Work order -> Beginning with the line containing "O cassino FairPari" and going on through the line containing "Москва. 23 апреля.", the lines below are to be returned exactly, pictures excluded and nothing added.
*** Records supplied ***
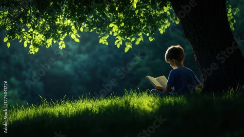 children, reading, book, nature, tree, grass, shaded, quiet, concentration, afternoon, light, peaceful, exploration, imagination, outdoors, relaxation, learning, young, serenity, environment, solitude, greenery, education, hobby, calm, childhood, story, sharpened, creativity, meditative, leisure, calmness, cognition, adventure, curiosity, summer, playful
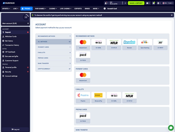 O cassino FairPari aceita tanto moedas fiduciárias quanto diversas criptomoedas, o que permite a participação de vários jogadores. Isso também é uma vantagem para jogadores que entendem de criptomoedas.
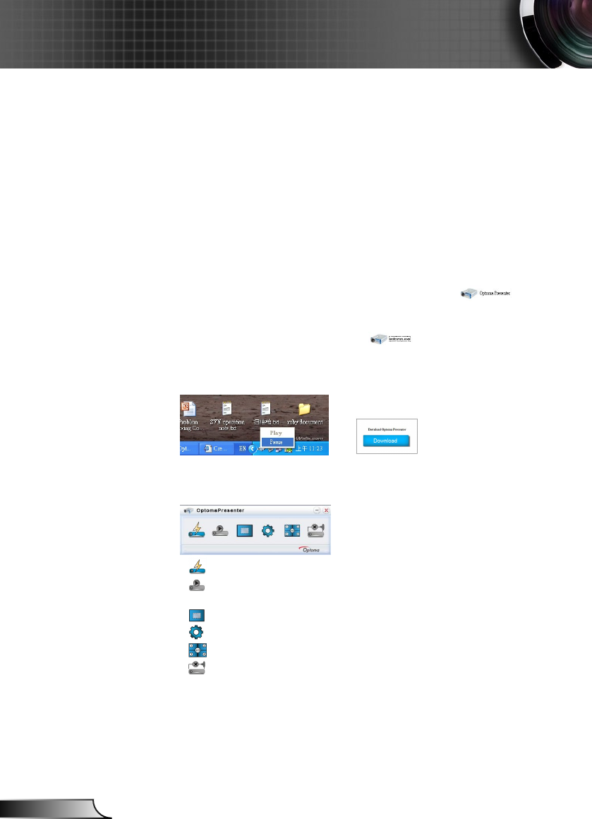 Optoma Presenter uygulaması, bir ana bilgisayardaki uzak
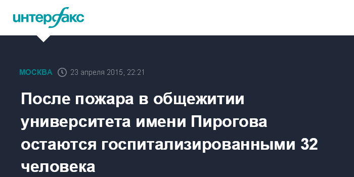 Москва. 23 апреля. INTERFAX.RU - В больницах Москвы остаются на лечении 32 человека, пострадавшие в результате пожара в общежитии Российского госуниверситета им.Пирогова.
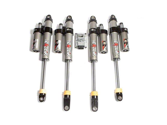 Advanced Electronic Shock System. The SDi E-CLIK ACTIVE Front and Rear Shocks with Pro Menu provide cutting-edge suspension control, ensuring optimal performance across various terrains. With three adjustable base modes—Trail, Desert, and Street—this system automatically adapts up to 250 times per second based on driving conditions, delivering superior handling and comfort.
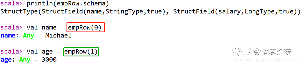 方式一:下标获取,从0开始,类似数组下标获取如何获取Row中每个字段的值呢?
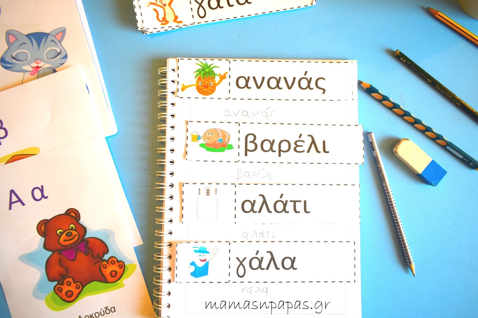 Προσπαθούσα να κάνουμε τον ήχο του κάθε γράμματος, όπως μας έχει υποδείξει η δασκάλα! Δηλαδή το Άλφα δεν το φωνάζουμε με το όνομά του αλλά ως “Α”, το Βήτα ως ”Β” (ούτε βου, σκέτο β), το Γάμα ως ”γ” (‘οχι γου) και πάει λέγοντας! Αφού προσπαθήσαμε να συλλαβίσουμε την κάθε λέξη την γράψαμε με μεγάλη ευκολία στο αγαπημένο του τετράδιο!
*** End of Records supplied ***
Answer to this problem ->
 O cassino FairPari aceita tanto moedas fiduciárias quanto diversas criptomoedas, o que permite a participação de vários jogadores. Isso também é uma vantagem para jogadores que entendem de criptomoedas.
 Optoma Presenter uygulaması, bir ana bilgisayardaki uzak
 Москва. 23 апреля. INTERFAX.RU - В больницах Москвы остаются на лечении 32 человека, пострадавшие в результате пожара в общежитии Российского госуниверситета им.Пирогова.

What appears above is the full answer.